# niteshift's custom built 66 gallon reef



## niteshift (Mar 10, 2011)

Well this actually started last week, when i decided to turn my 55 into a reef tank and i saw this






. And thought to myself, I do have that bottom panel that survived last months disaster, it measures 48in by 16in, and i could use it as a drilled replacement for the bottom panel. which would make the tank measure 48"x 16" X 20", roughly 66 gallons after i replace the side panels.And install some cross bracing. But first things first that nasty black trim has to come off.






Top piece off






. Both came off in one piece, damaged but in one piece and believe it or don't but the bottom piece was easier to remove than the top


----------



## niteshift (Mar 10, 2011)

Well not much to tell, nothing done other than livestock planning and aquascape day dreaming. Had some family issues back east. Got hack last night. So.
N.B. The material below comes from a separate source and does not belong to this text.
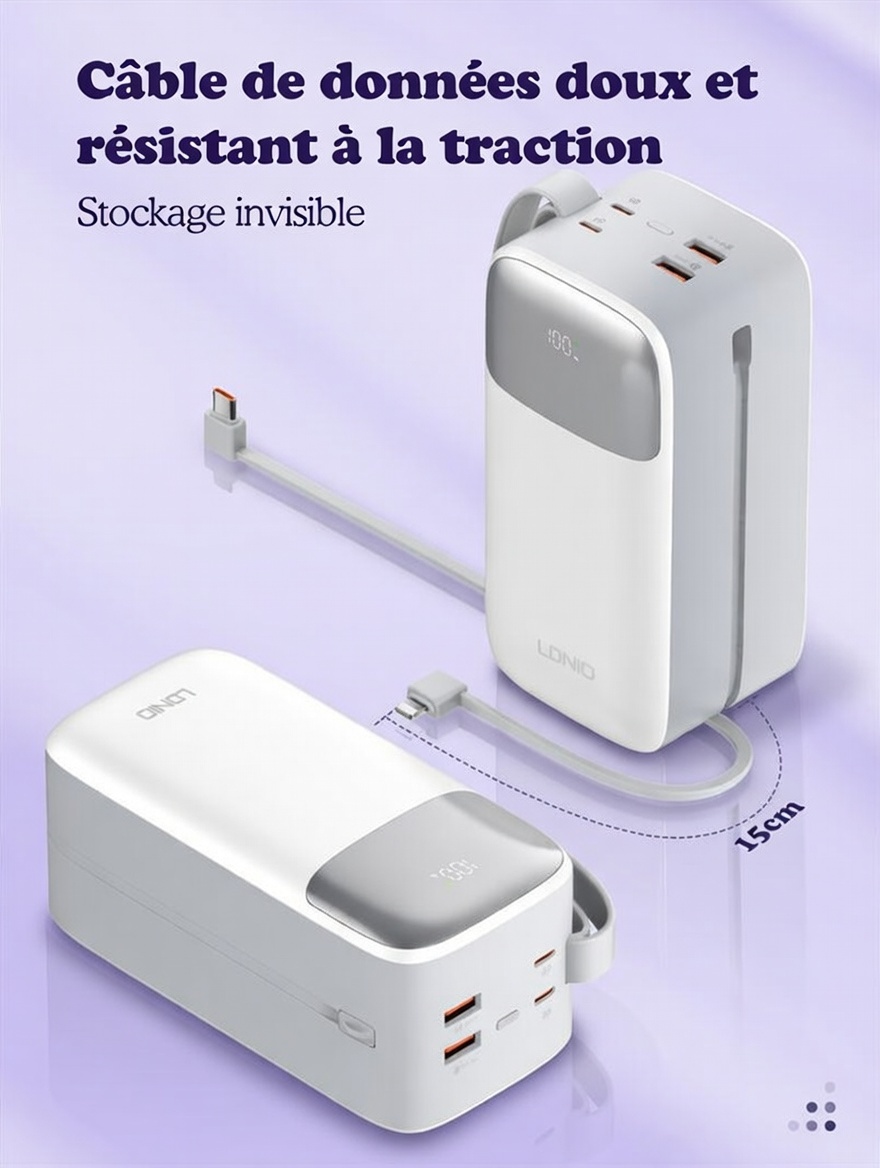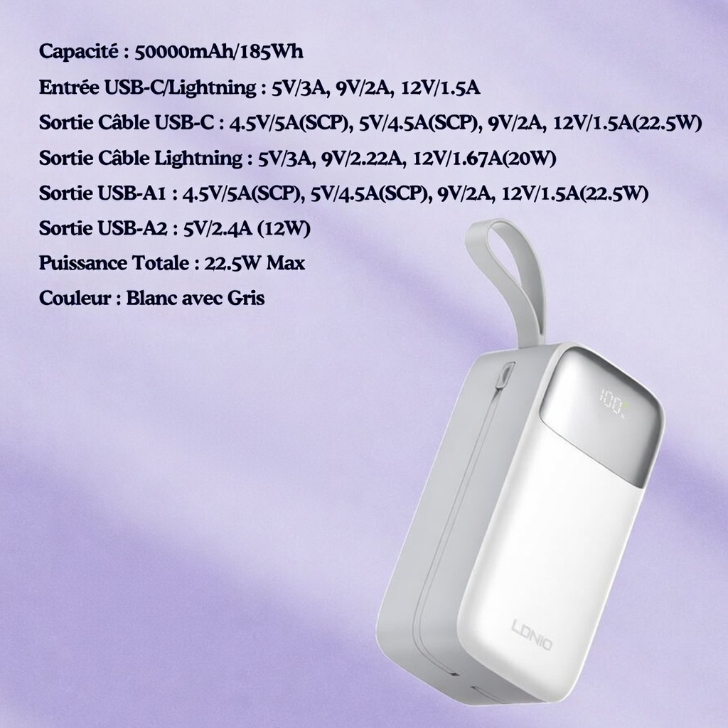 Power Bank LDNIO PQ50 pour smartphones universels, avec câble intégré et charge rapide, 50 000 mAh/37 Wh, TC : 22,5 W/SCP + Lightning : PD 20 W

Barring any major catastrophe, i can drill and reassemble this coming weekend. I do however have one question, actually both my father and roommate have a good question. Am i sure that the glass from the 55 will hold up to the pressure of 66 gallons. I said i was certain that with some bracing the glass would withstand the pressure. I also let them know I would ask the experts. So will tempered 6 mm with bracing withstand the pressure of 66 gallons.


----------